GOAL OF THE EXERCISE — The whole listing, pictures aside, should be reproduced exactly.

SOURCE DATA —
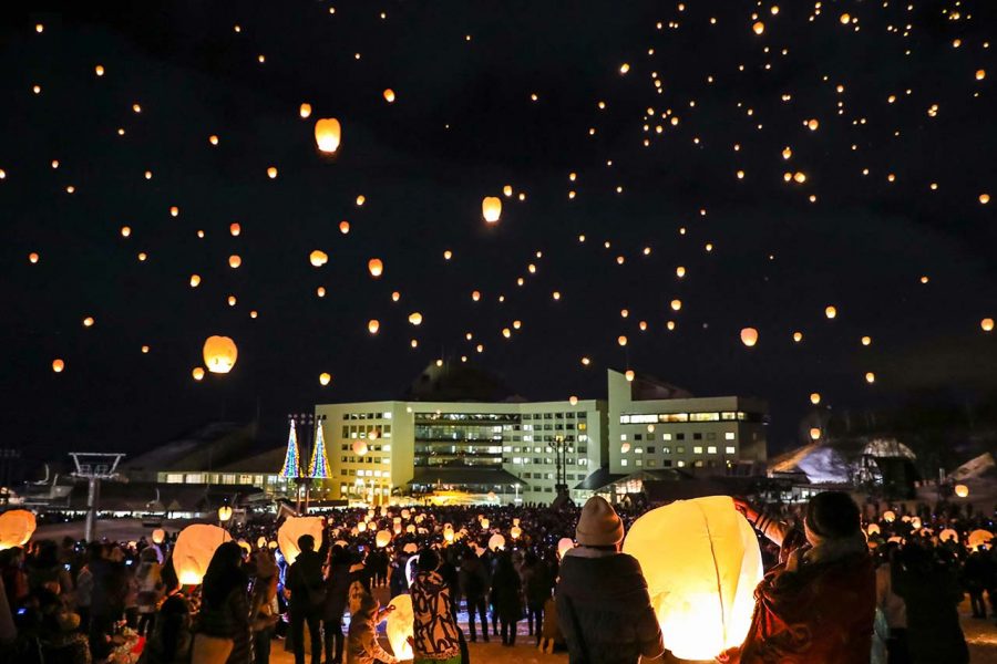 スキー場も併設する新潟で人気のリゾートホテルグリーンピア津南では、かまくら体験などのイベントとともにスカイランタンの打ち上げが行われます。
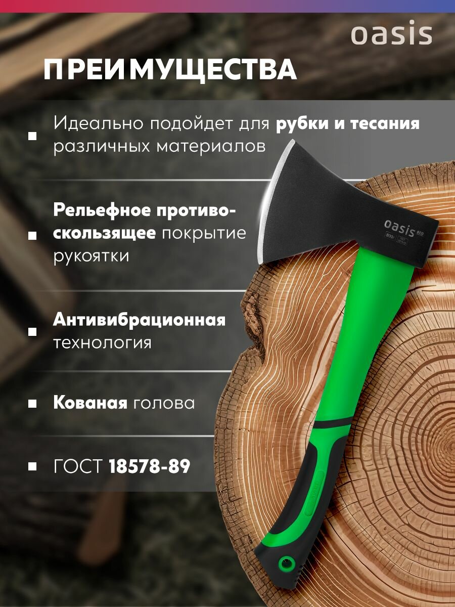 10 цен на Топор с обрезиненной фибергласовой рукояткой Oasis Eco 800 г_103010402002
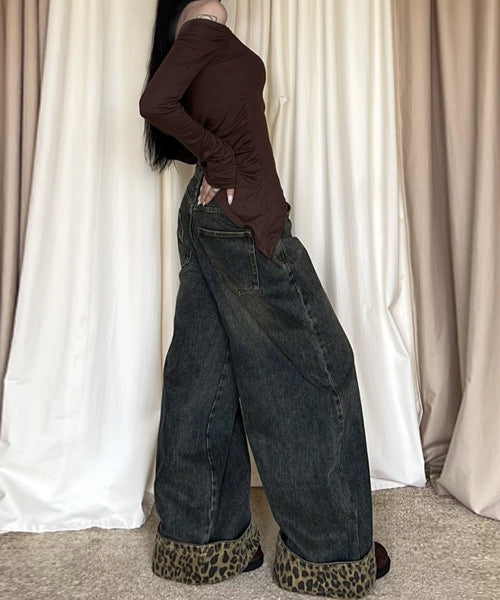 お洒落なレオパード柄とロールアップデザインがアクセントになったワイドデニムパンツ。

SOLUTION FOR THIS PROBLEM —
 スキー場も併設する新潟で人気のリゾートホテルグリーンピア津南では、かまくら体験などのイベントとともにスカイランタンの打ち上げが行われます。
 10 цен на Топор с обрезиненной фибергласовой рукояткой Oasis Eco 800 г_103010402002
 お洒落なレオパード柄とロールアップデザインがアクセントになったワイドデニムパンツ。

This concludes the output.